Help us keep this a respectfully Foolish area! This is a place for our readers to discuss, debate, and learn more about the Foolish investing topic you read about above. Help us keep it clean and safe. If you believe a comment is abusive or otherwise violates our Fool's Rules, please report it via the Report this Comment Report this Comment icon found on every comment.

  • Report this Comment On November 07, 2008, at 12:29 PM, babycondor wrote:

    Sounds like a desperate attempt to get people into the market. But it will take time for people's trust and appetite for risk to be restored. I'm a buy-and-hold investor (one of my holdings is DIS) nearing retirement and have watched my portfolio drop 50% in the last year.

    I admit to being tempted, but every time I start to consider investing new money, I remember how much it hurts to see it evaporate. I am not selling, but neither am I buying, for a long, long time.

  • Report this Comment On November 07, 2008, at 11:03 PM, SteveTheInvestor wrote:

    I tend to agree with you BabyCondor. I'm 5 years from retirement myself (I hope). I'm down about 20% from peak value because I started moving to cash last year. If I had bought all the stocks that were supposedly "on sale" over the last year, I would be down a lot more than 20%.

    Personal wealth has evaporated to a great extent. That's mostly because it never really existed in many cases and was instead created by absurdly inflated housing values and over-use of credit. These people aren't spending money anymore. I think that will keep the economy depressed for at least a year. And companies like AXP still don't know how large of a hit they will take on credit card defaults.

    A lot of these stocks are down big because they should be. The hard part is trying to figure out which ones are down big but don't deserve to be. So.... I guess we first have to figure out when the damage from government apathy, corporate greed/stupidity and excessive consumerism will be complete. Then we can make an attempt to determine "intrinsic value". Until then, I with you and am not buying much either.

  • Report this Comment On November 08, 2008, at 2:15 AM, blary54 wrote:

    Im 26...and i think that is a great time for me to invest! But...I have a few years left until retirement.

  • Report this Comment On November 08, 2008, at 5:42 PM, biotechmgr wrote:

    I understand a writer needs to write to get paid and do their job properly. I fear that articles such as these are irresponsible to less experienced investors. In fairness, this writer is not the only one putting out such pieces.

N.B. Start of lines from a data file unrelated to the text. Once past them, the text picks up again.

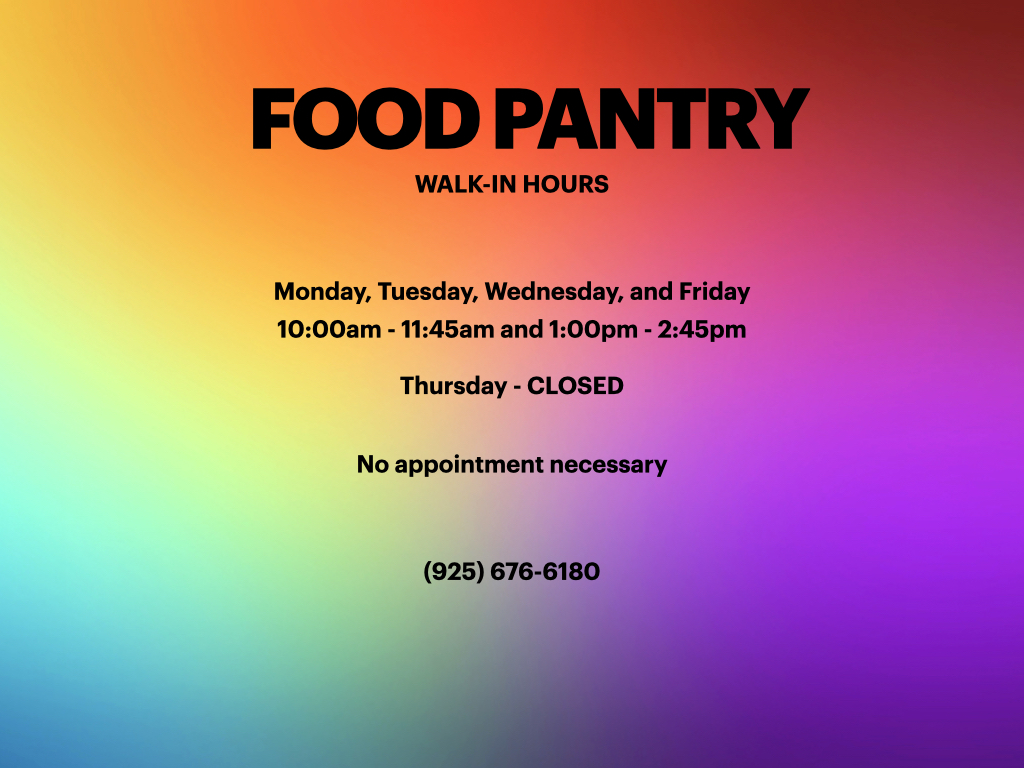 If you find yourself in need of help with food, we do have a pantry that is open Monday, Tuesday, Wednesday and Friday.
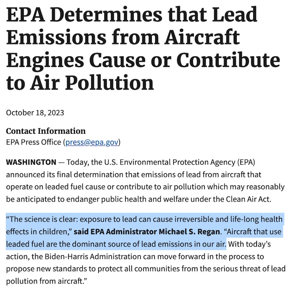 In 2022, the U.S. Environmental Protection Agency proposed a finding that lead emissions from aircraft engines cause or contribute to air pollution endangering public health, targeting aviation gasoline (avgas).
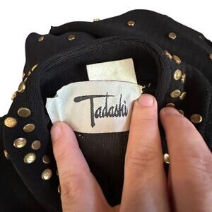 Vintage Tadashi Shoji Studded Jacket Black Gold Womens l Measurements approximate and on flat surface: P2P: 16", Length: 27" l Tag is hanging on by a thread :P l Gorgeous 1990s Tadashi gold studded jacket. 79% Polyester 21% Lycra. Very thick and stretchy material. Two faux pockets on the front zippers open to inside of jacket. Two thin shoulder pads.

    The standard investing mantras - buy the dips, invest for the long term, diversify - must go away as this is a dangerous time in the economy. This is a bear market. This may turn out to be the biggest bear market ever. An objective piece should discuss the pros and cons of investing in a bear market. A least Jim Cramer admitted as much, saying that if you need money in the next 5 years, take it out of stocks. T-Bills have outperformed the SP500 over the past 10 years.

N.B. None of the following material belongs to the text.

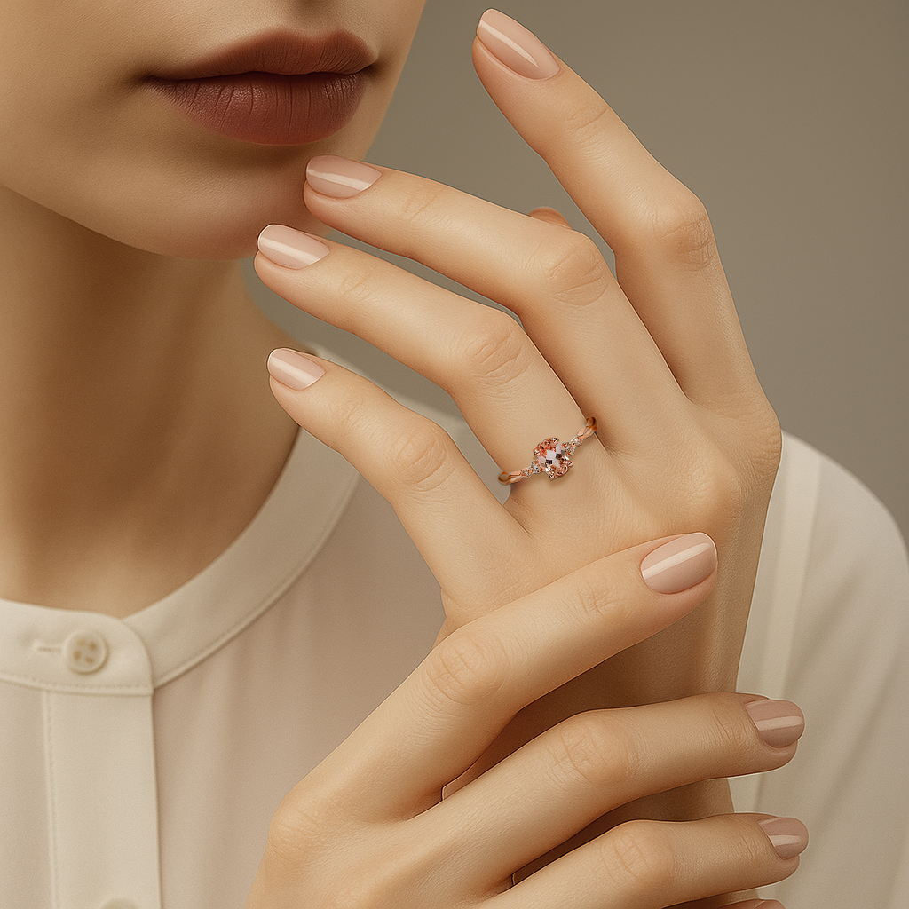Látványos, és bájos megjelenésű 14 karátos arany gyűrű melyet oldalt négy briliáns csiszolású fehér gyémánt és egy barackos rózsaszínű ovális turmalin ékesít. Finom, kecses vonalvezetése teljesen elvarázsolja a hölgyeket.

    A writer writes to make a point using the data one wishes to use. I suppose that their job would be over if they wrote one dissertation on what is happening and left it at that.

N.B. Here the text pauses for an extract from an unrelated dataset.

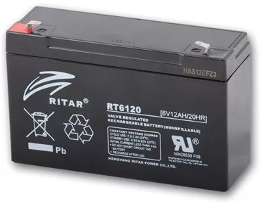 Ritar RT6120 6V 12Ah AGM (Absorbent Glass Mat) technológiával gyártott karbantartás mentes ólomsavas zselés akkumulátor. Kiváló minőség és megbízhatóság a jellemzője. Az ólomlemezek és elektrolit megbízható tápellátást biztosítanak a legtöbb feszültségtámogatási rendszernek, például az UPS-nek vagy a vészhelyzeti áramellátásnak. Rendkívül erős teljesítmény-visszanyerő tulajdonság, alacsony önkisülési jellemző így számos pozícióba telepíthető mint pl. riasztórendszerek, távközlési berendezések, védelmi rendszerek, orvosi felszerelés...stb.

    But it is a disservice to people who are losing money and could be sucked in to the next bear market rally, only to be crushed in the next sell off. If a person stays in cash for the next 2 or 3 years, what is the harm? If we are having a recession, or worse, cash becomes worth more as prices decline.

    I don't need to recapitulate everything that has transpired since July 2007 to remind anyone that these are dangerous financial and economic times. A bull market is not going to be born from such an infertile womb.

    What is my leg to stand on? I have earned 106% this year in my IRA trading leveraged short vehicles and options. With the data I see, I expect to make over 100% per year this way until this depression has concluded.

    I feel for those who are getting killed in this market. I wish I could help them. I also wish these feel good about the market pieces would go away and not sucker people in. Yes, there will be a bear rally. But when to buy? And will people know when to sell?

    People, take care. You will be shocked to see the depths plumbed by the coming depression.